Next, we need to add two columns from the CustomerSink table: InsertedDate and ModifiedDate. These columns aren’t in the source table, so we need to add them before we write new data to the destination table. We’re going to use the Lookup function to do that. It’s similar to an outer join, so it will keep all of the data from the source stream and add all of the columns in the lookup stream.

All right, click the plus sign and select “Lookup”. We’ll call it “LookupCustomerID”. Set the lookup stream to CustomerSink. For the lookup conditions, we need to get it to match the rows based on the CustomerID. That is, rows with the same CustomerID should be joined together. So set both sides to CustomerID.

Let’s go to Data preview. It has duplicate columns, which is what we’re expecting. If we scroll to the right, you’ll see that we now have InsertedDate and ModifiedDate as well.

Now we need to fill those two columns in. Click the plus sign and select “Derived Column”. Let’s call this step “SetDates”. In the column dropdown, select “InsertedDate”. Notice that this is different from when we used Derived Column to create the hash key. In that case, we were creating a new column. In this case, we’re going to modify an existing column. Now paste this expression. It says that if this column is null, then set it to the current timestamp. Otherwise, leave it with the existing timestamp. That’s because this field should be set to the date and time when this customer was first added, so if there was already a timestamp there, it was added earlier, and we shouldn’t change the timestamp.

Then click “Add” and select the ModifiedDate column. Then paste in this expression. It’s much simpler because we always want to set the ModifiedDate field to the last time it was updated, which is the current timestamp. Now when we look in Data preview, those columns have been filled in.

Next, we’re going to write the new data to the destination table. But first, we have to set a policy as to how that should be done. Specifically, we’re going to tell it to allow upserts.

Click the plus sign and select “Alter Row”. Let’s call it “AllowUpserts”. Now, in this dropdown, select “Upsert if”. It’s possible to only allow upserts under certain conditions, which is why you need to enter an expression here. But we’re going to allow upserts in all cases, so we can just type “true()” here.

All right, it’s finally time to write the new data to the destination table. This time, select “Sink”. Let’s just call it “Sink”. For the dataset, select CustomerSink because that’s the destination table. Then click the Settings tab. Check “Allow upsert”, and uncheck the other ones. It might seem odd that we have to check “Allow upsert” here when we just added an entire step before this one to allow upserts, but you actually have to do it in both places, or you’ll get an error.

For the key column, select CustomerID. This is what it uses to match incoming rows to rows in the destination table. Uncheck the “Enable staging” option.

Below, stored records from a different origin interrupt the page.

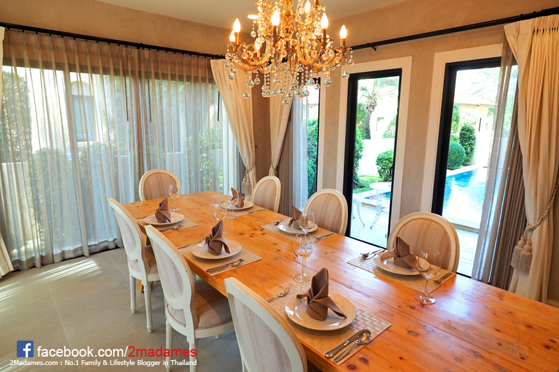 ถัดเข้ามาจะเจอกับโต๊ะทานข้าวขนาด 8 ที่นั่ง ถ้าใครมากันแบบครอบครัวใหญ่ หรือกลุ่มเพื่อนฝูงก็ไม่ต้องกลัวว่าพื้นที่จะไม่เพียงพอเลย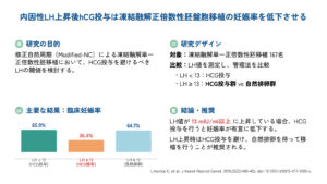 内因性LH上昇後hCG投与は凍結融解正倍数性胚盤胞移植の妊娠率を低下させる(J Assist Reprod Genet. 2018)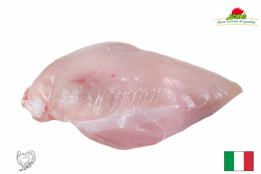 Truthahnbrust vom männlichem Truthahn aus italienischer Zucht. Verpackung mit halber Brust.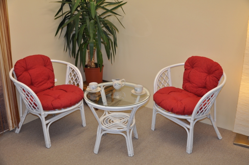 Ratanová sedací souprava Bahama bílá 2+1, polstry vínové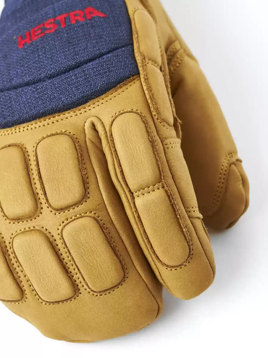 Hestras Vertical Cut CZone är en praktisk 3-finger skidhandske för freeriding och snowboard. Tillverkad av slitstark getnappa* med förstärkningar på utsatta delar. Ett CZone-membran skyddar mot vatten och släpper ut fukt, medan G-Loft syntetfyllning isolerar under de långa vinterdagarna på berget. Handsken har yttersömmar för bättre komfort och stavgrepp. Skumpaneler på handens ovansida skyddar mot fall och stötar. En neoprenmanschett ger bättre passform och håller värmen inuti handsken, samtidigt som den kan glida smidigt inuti jackärmen. Andra smarta detaljer inkluderar handledsremmen som minskar risken för att du tappar handsken, och en karbinhake för att fästa den i din ryggsäck. 3-fingermodellen är för dig som letar efter en varmare handske samtidigt som den bibehåller fingerfärdigheten. Finns även i 5-fingermodell. * färgerna 280701 och 870701 är tillverkade av kohud.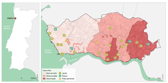 Num outro estudo realizado na cidade do Porto (Farinha Marques et al., 2014) foram identificados 95 espaços verdes de acesso público: 74 parques e jardins e 21 praças ajardinadas. Uma vez que seria incomportável estudar todos estes espaços verdes de acesso público, procedeu-se à aplicação do Índice de Privação Socioeconómica e Ambiental (IPSA; Monteiro et al., 2013) dividindo a cidade em três clusters de privação - oscilando entre privação alta e baixa -, sendo selecionados vinte e cinco espaços verdes distribuídos pelos clusters (fig. 1).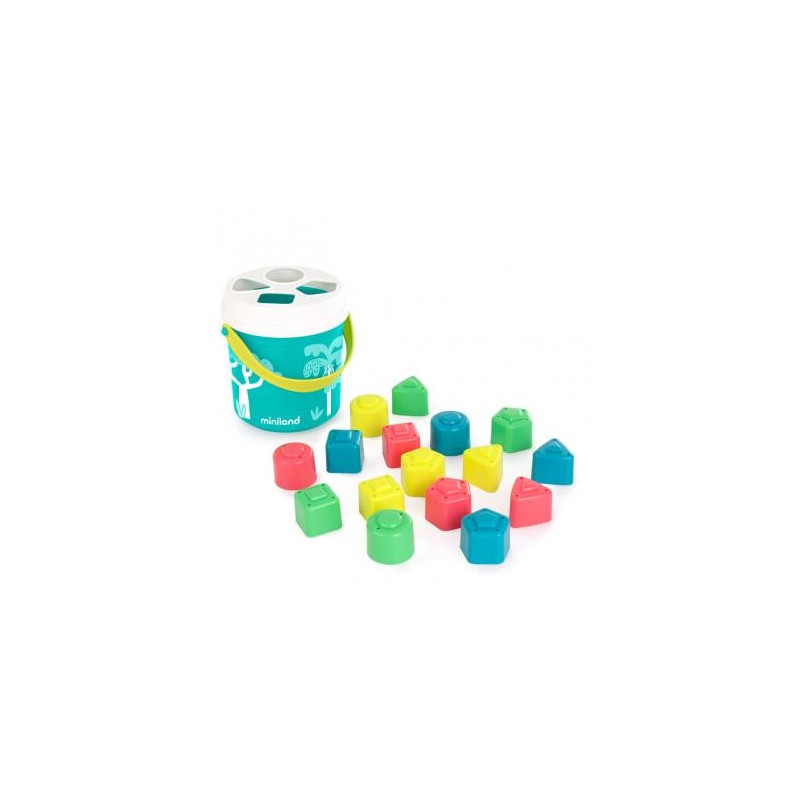 Juego de encajes que ayuda a reconocer diferentesformas y colores. Todas las piezas están fabricadas con materiales recdiclados y reciclables, lo que reduce el impacto medio ambiental. Ejercita la CoordinaciónOjo-mano y el razonamiento lógico. Las 16 piezasademás de usarse como moldes de arena, disponen deorifi cios por los que se puede hacer “lluvia” de agua.Todas las piezas se pueden guardar dentro del cubocon asa para facilitar su transporte y almacenamiento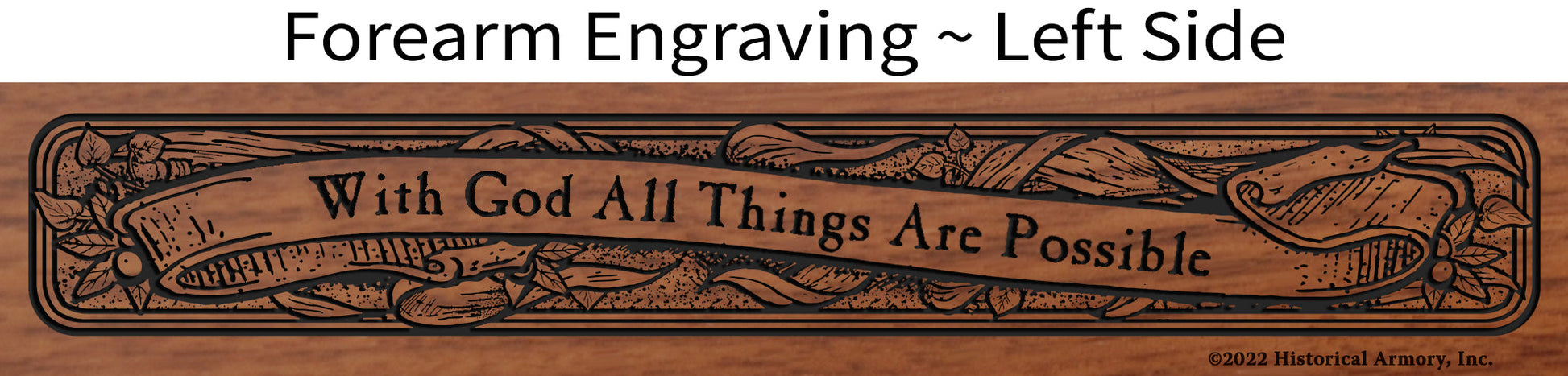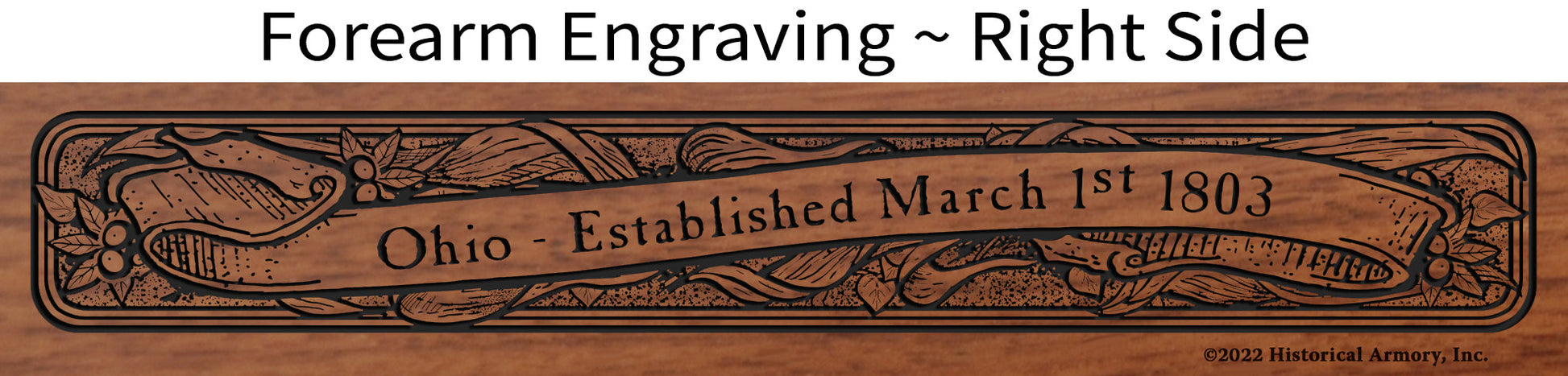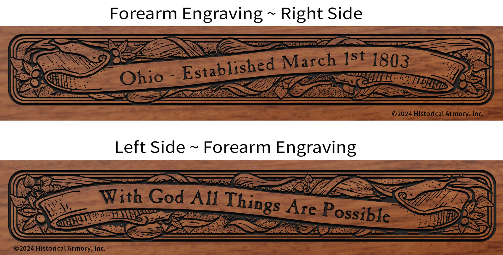 Detailed engraving on both sides of the American walnut forearm, with the name and establishment date of your state on the right side and your state nickname on the left side.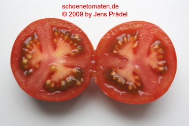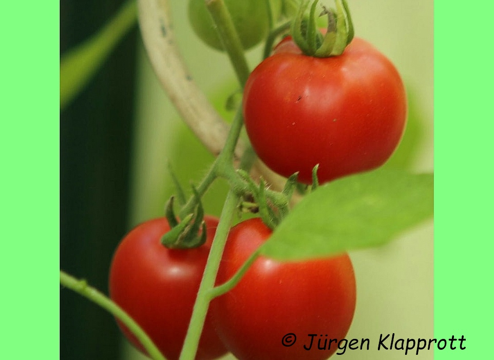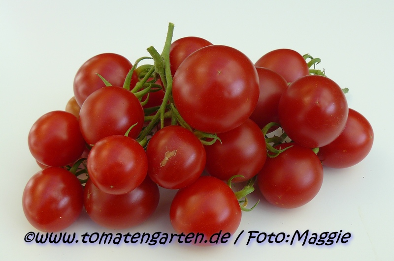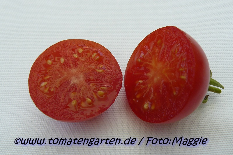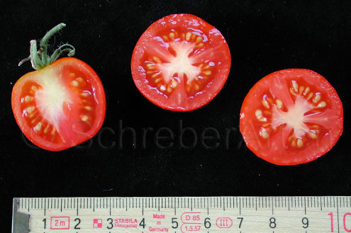 Stupice - mittelgrosse (ca. 4-5 cm) rote runde Früchte mit süssaromatischem Geschmack; sehr frühe Reife (Ende Juni); hoher Ertrag; nicht platzanfällig. (Quelle: www.d-landsmann.de / Mit freundlicher Genehmigung des Autors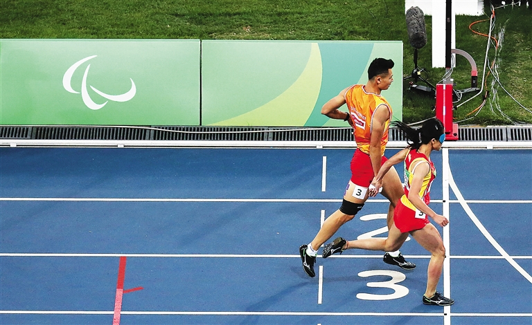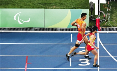 田径赛场上,世锦赛4金与亚残运会5金获得者刘翠青在陪跑员徐冬林的引领下,在女子T11级400米比赛中第一个冲过终点线,摘得她残奥会参赛经历中的第一枚个人项目金牌。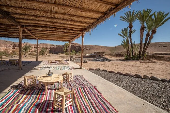Votre journée comprend la prise en charge et le retour à l’hôtel à Marrakech, tout l’équipement pour la balade en chameau et quad (casques inclus), boissons fraîches et thé marocain avec les locaux, wifi et casiers au camp de base, accompagnement par des guides sympathiques, et un déjeuner traditionnel tagine ou couscous avant le retour en ville.
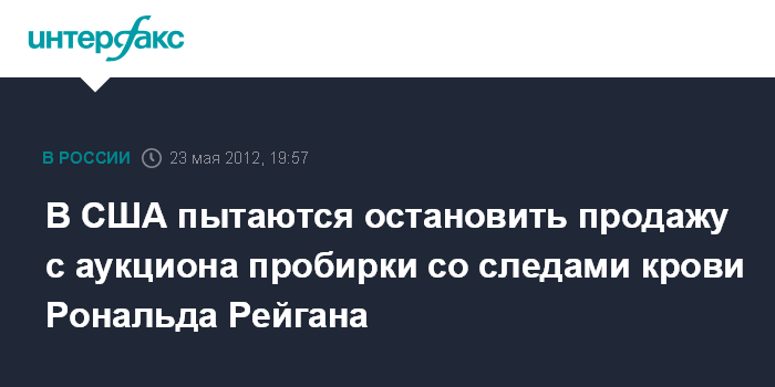Вашингтон. 23 мая. INTERFAX.RU - Американский Фонд Рональда Рейгана требует снять c торгов на Интернет-аукционе пробирку со следами крови бывшего президента страны, сообщает в среду телеканал CNN.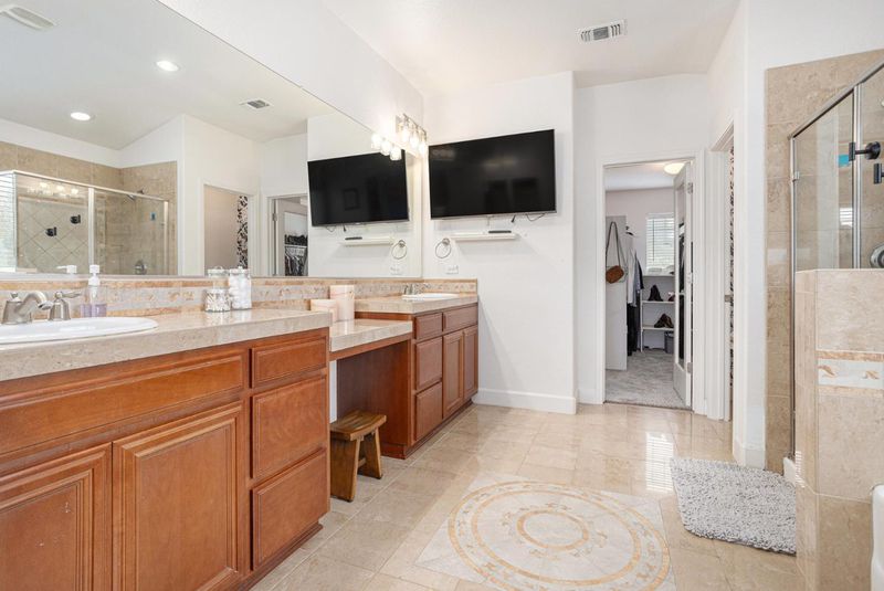 - Double Sinks, Primary - Oversized Tub, Primary - Stall Shower(s), Primary - Tub with Jets, Split Bath, Stall Shower, Tile, Tubs - 2+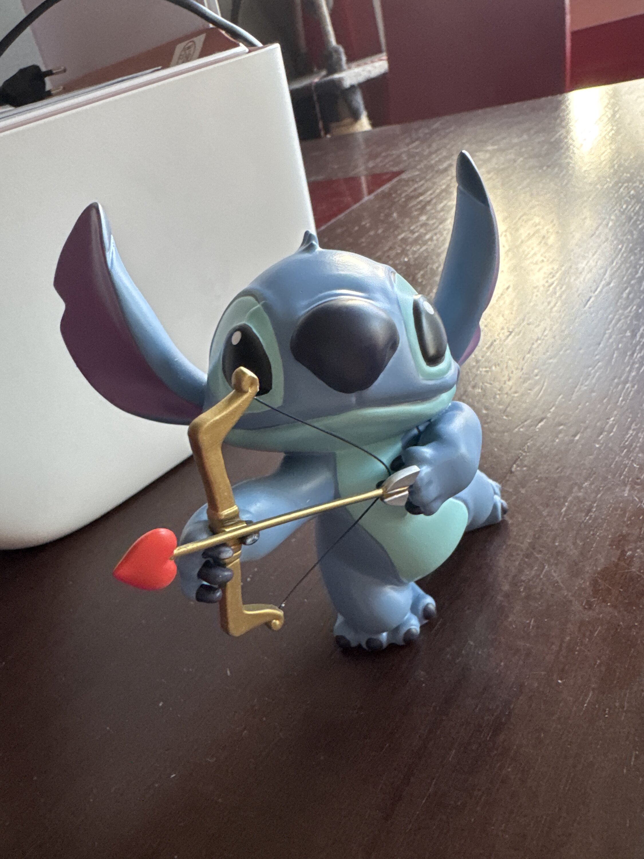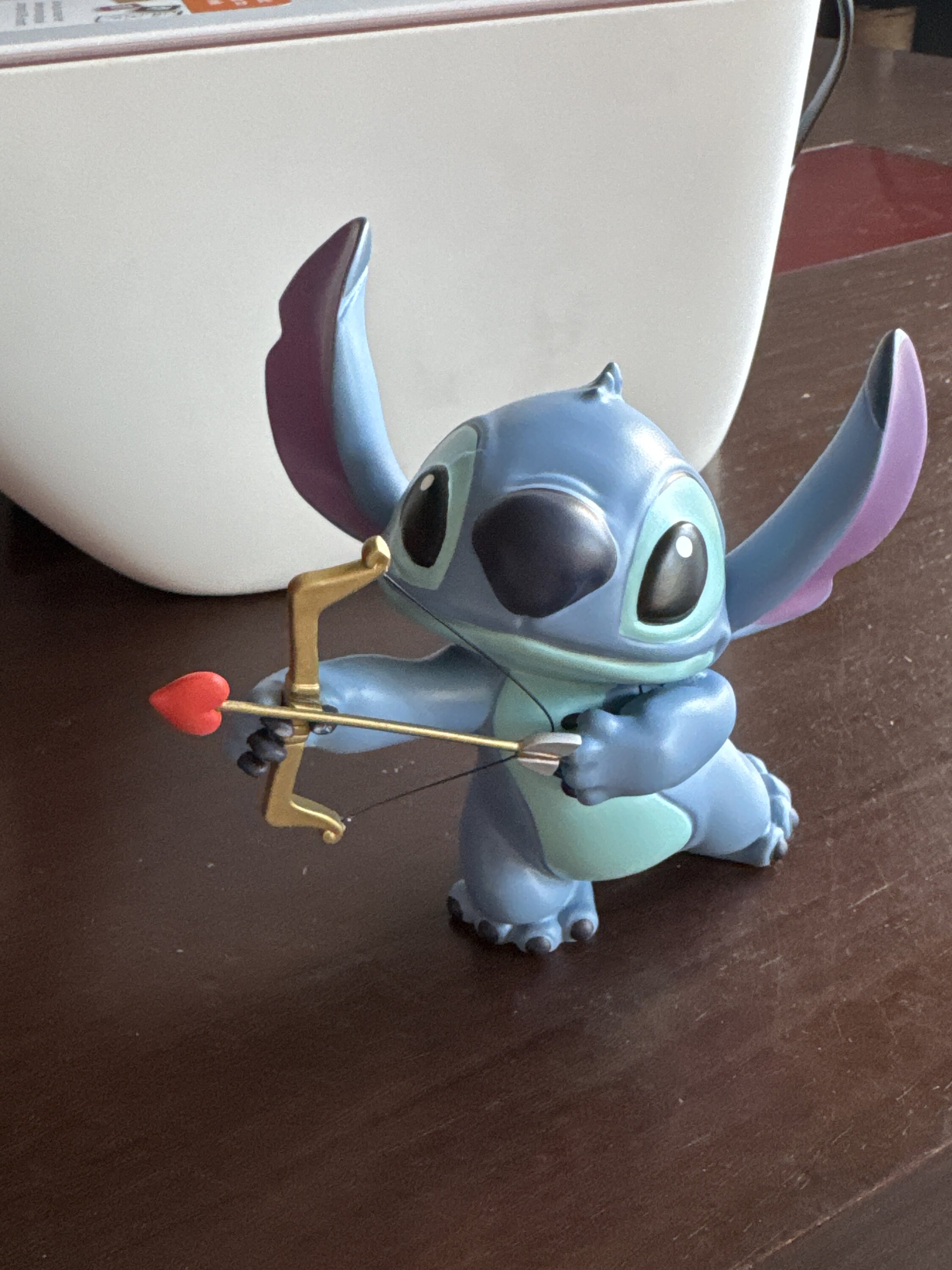 Celebra las fiestas con Stitch, el experimento espacial favorito de todos. Hecho y pintado a mano, Stitch tirará de los hilos de tu corazón vestido como Cupido justo a tiempo para celebrar el Día de San Valentín con tu ser querido.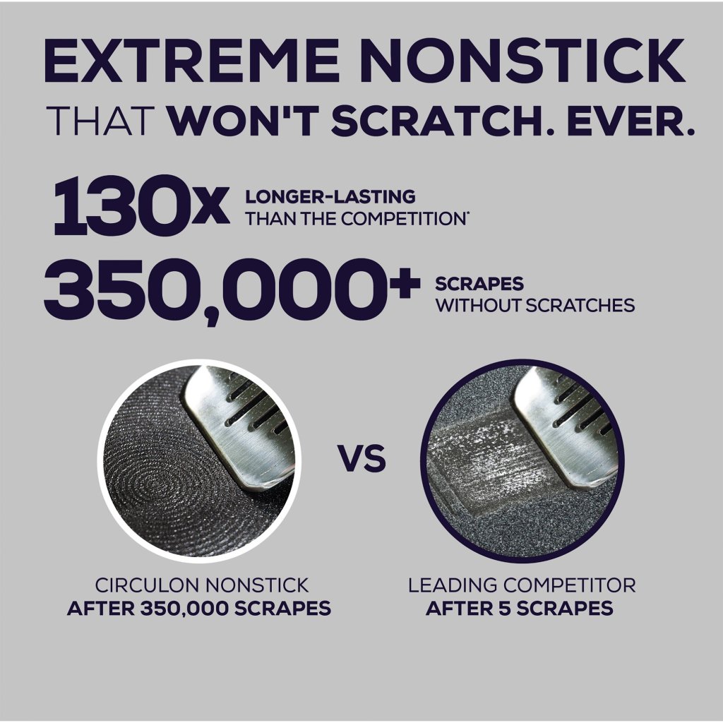 - trojni premaz Extreme Non-Stick je laboratorijsko preizkušen za več kot 200 let vsakodnevne uporabe in zagotavlja revolucionarno izkušnjo kuhanja brez prijemanja

This can improve performance when loading data into a dedicated SQL pool, but it would require some extra setup, so let’s disable it.

Now go to the Mapping tab. Remember when we added all those duplicate columns in the Lookup step, and I said we’d filter them out later on. Well, now it’s time to do that. First, disable automapping because we’re going to map the columns manually. Now we need to specify which column in the source stream should be written to which column in the destination table. For example, for CustomerID, there are two possibilities: the one in the source table and the one in the destination table. Of course, it wouldn’t make sense to use the one from the destination table because then we wouldn’t be changing anything. So pick the source CustomerID. Then do the same thing for all of the other columns in the source table.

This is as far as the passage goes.